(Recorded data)
● ● ● ● ●
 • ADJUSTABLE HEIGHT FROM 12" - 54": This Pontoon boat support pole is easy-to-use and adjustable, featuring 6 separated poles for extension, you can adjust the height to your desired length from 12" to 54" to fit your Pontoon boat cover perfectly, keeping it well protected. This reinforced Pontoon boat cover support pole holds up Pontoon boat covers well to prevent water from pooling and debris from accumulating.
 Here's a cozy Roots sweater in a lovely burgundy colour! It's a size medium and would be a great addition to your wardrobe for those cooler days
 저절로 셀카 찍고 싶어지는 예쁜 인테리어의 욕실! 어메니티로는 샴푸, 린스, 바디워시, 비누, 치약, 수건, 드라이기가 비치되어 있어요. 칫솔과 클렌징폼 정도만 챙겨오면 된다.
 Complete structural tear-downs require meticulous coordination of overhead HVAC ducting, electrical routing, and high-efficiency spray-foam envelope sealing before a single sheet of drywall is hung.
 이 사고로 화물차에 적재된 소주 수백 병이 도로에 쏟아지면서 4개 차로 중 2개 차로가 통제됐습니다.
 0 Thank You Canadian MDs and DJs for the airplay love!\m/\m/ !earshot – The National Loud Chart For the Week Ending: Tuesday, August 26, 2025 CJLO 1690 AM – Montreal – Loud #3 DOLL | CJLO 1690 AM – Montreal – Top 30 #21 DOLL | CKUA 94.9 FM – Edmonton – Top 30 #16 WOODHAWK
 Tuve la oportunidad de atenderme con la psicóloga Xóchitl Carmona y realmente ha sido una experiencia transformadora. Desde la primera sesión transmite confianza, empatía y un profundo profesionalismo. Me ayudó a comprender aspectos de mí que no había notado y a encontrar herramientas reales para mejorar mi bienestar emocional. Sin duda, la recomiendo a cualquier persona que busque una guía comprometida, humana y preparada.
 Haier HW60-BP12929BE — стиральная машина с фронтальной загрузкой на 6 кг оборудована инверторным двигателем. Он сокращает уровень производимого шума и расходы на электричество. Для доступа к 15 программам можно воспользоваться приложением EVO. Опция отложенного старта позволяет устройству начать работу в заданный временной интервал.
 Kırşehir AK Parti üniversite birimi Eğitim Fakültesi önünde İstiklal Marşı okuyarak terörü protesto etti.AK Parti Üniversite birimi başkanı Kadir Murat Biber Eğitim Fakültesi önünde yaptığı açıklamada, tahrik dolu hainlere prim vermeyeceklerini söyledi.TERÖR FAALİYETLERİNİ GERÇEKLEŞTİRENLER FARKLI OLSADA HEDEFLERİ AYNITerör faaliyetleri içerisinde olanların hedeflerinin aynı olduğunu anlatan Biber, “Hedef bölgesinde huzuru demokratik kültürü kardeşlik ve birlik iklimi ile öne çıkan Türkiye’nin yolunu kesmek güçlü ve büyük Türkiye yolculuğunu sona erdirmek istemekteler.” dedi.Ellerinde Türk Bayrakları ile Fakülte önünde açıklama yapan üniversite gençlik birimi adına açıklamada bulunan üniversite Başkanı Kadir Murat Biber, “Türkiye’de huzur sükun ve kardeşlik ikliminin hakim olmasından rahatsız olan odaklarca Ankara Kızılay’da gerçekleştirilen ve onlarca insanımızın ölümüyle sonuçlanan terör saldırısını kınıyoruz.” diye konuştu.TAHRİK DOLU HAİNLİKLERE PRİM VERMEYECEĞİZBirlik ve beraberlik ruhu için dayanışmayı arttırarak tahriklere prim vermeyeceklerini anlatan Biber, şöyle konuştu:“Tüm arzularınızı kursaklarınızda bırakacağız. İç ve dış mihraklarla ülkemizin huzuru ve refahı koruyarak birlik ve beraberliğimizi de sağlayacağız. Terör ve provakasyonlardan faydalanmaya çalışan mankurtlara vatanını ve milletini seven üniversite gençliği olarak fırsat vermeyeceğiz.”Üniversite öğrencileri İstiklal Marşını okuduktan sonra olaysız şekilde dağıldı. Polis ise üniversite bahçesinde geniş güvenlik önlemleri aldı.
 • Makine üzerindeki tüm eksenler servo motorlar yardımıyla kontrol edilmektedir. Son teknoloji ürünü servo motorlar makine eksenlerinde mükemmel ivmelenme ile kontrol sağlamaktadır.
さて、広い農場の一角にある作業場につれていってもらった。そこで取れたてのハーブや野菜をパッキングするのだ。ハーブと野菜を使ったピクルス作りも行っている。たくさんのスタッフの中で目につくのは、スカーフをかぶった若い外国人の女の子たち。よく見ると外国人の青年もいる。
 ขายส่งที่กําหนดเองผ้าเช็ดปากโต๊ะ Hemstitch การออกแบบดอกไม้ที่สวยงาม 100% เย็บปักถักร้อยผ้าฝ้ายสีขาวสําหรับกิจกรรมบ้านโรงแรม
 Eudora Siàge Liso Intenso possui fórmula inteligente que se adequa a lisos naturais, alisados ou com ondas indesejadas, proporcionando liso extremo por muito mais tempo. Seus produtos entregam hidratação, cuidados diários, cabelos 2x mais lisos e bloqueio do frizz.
● ● ● ● ●
- **WHAT IS EXPECTED**
Using the entries above, please restate each one word for word.

- **YOUR RESPONSE**
 • ADJUSTABLE HEIGHT FROM 12" - 54": This Pontoon boat support pole is easy-to-use and adjustable, featuring 6 separated poles for extension, you can adjust the height to your desired length from 12" to 54" to fit your Pontoon boat cover perfectly, keeping it well protected. This reinforced Pontoon boat cover support pole holds up Pontoon boat covers well to prevent water from pooling and debris from accumulating.
 Here's a cozy Roots sweater in a lovely burgundy colour! It's a size medium and would be a great addition to your wardrobe for those cooler days
 저절로 셀카 찍고 싶어지는 예쁜 인테리어의 욕실! 어메니티로는 샴푸, 린스, 바디워시, 비누, 치약, 수건, 드라이기가 비치되어 있어요. 칫솔과 클렌징폼 정도만 챙겨오면 된다.
 Complete structural tear-downs require meticulous coordination of overhead HVAC ducting, electrical routing, and high-efficiency spray-foam envelope sealing before a single sheet of drywall is hung.
 이 사고로 화물차에 적재된 소주 수백 병이 도로에 쏟아지면서 4개 차로 중 2개 차로가 통제됐습니다.
 0 Thank You Canadian MDs and DJs for the airplay love!\m/\m/ !earshot – The National Loud Chart For the Week Ending: Tuesday, August 26, 2025 CJLO 1690 AM – Montreal – Loud #3 DOLL | CJLO 1690 AM – Montreal – Top 30 #21 DOLL | CKUA 94.9 FM – Edmonton – Top 30 #16 WOODHAWK
 Tuve la oportunidad de atenderme con la psicóloga Xóchitl Carmona y realmente ha sido una experiencia transformadora. Desde la primera sesión transmite confianza, empatía y un profundo profesionalismo. Me ayudó a comprender aspectos de mí que no había notado y a encontrar herramientas reales para mejorar mi bienestar emocional. Sin duda, la recomiendo a cualquier persona que busque una guía comprometida, humana y preparada.
 Haier HW60-BP12929BE — стиральная машина с фронтальной загрузкой на 6 кг оборудована инверторным двигателем. Он сокращает уровень производимого шума и расходы на электричество. Для доступа к 15 программам можно воспользоваться приложением EVO. Опция отложенного старта позволяет устройству начать работу в заданный временной интервал.
 Kırşehir AK Parti üniversite birimi Eğitim Fakültesi önünde İstiklal Marşı okuyarak terörü protesto etti.AK Parti Üniversite birimi başkanı Kadir Murat Biber Eğitim Fakültesi önünde yaptığı açıklamada, tahrik dolu hainlere prim vermeyeceklerini söyledi.TERÖR FAALİYETLERİNİ GERÇEKLEŞTİRENLER FARKLI OLSADA HEDEFLERİ AYNITerör faaliyetleri içerisinde olanların hedeflerinin aynı olduğunu anlatan Biber, “Hedef bölgesinde huzuru demokratik kültürü kardeşlik ve birlik iklimi ile öne çıkan Türkiye’nin yolunu kesmek güçlü ve büyük Türkiye yolculuğunu sona erdirmek istemekteler.” dedi.Ellerinde Türk Bayrakları ile Fakülte önünde açıklama yapan üniversite gençlik birimi adına açıklamada bulunan üniversite Başkanı Kadir Murat Biber, “Türkiye’de huzur sükun ve kardeşlik ikliminin hakim olmasından rahatsız olan odaklarca Ankara Kızılay’da gerçekleştirilen ve onlarca insanımızın ölümüyle sonuçlanan terör saldırısını kınıyoruz.” diye konuştu.TAHRİK DOLU HAİNLİKLERE PRİM VERMEYECEĞİZBirlik ve beraberlik ruhu için dayanışmayı arttırarak tahriklere prim vermeyeceklerini anlatan Biber, şöyle konuştu:“Tüm arzularınızı kursaklarınızda bırakacağız. İç ve dış mihraklarla ülkemizin huzuru ve refahı koruyarak birlik ve beraberliğimizi de sağlayacağız. Terör ve provakasyonlardan faydalanmaya çalışan mankurtlara vatanını ve milletini seven üniversite gençliği olarak fırsat vermeyeceğiz.”Üniversite öğrencileri İstiklal Marşını okuduktan sonra olaysız şekilde dağıldı. Polis ise üniversite bahçesinde geniş güvenlik önlemleri aldı.
 • Makine üzerindeki tüm eksenler servo motorlar yardımıyla kontrol edilmektedir. Son teknoloji ürünü servo motorlar makine eksenlerinde mükemmel ivmelenme ile kontrol sağlamaktadır.
さて、広い農場の一角にある作業場につれていってもらった。そこで取れたてのハーブや野菜をパッキングするのだ。ハーブと野菜を使ったピクルス作りも行っている。たくさんのスタッフの中で目につくのは、スカーフをかぶった若い外国人の女の子たち。よく見ると外国人の青年もいる。
 ขายส่งที่กําหนดเองผ้าเช็ดปากโต๊ะ Hemstitch การออกแบบดอกไม้ที่สวยงาม 100% เย็บปักถักร้อยผ้าฝ้ายสีขาวสําหรับกิจกรรมบ้านโรงแรม
 Eudora Siàge Liso Intenso possui fórmula inteligente que se adequa a lisos naturais, alisados ou com ondas indesejadas, proporcionando liso extremo por muito mais tempo. Seus produtos entregam hidratação, cuidados diários, cabelos 2x mais lisos e bloqueio do frizz.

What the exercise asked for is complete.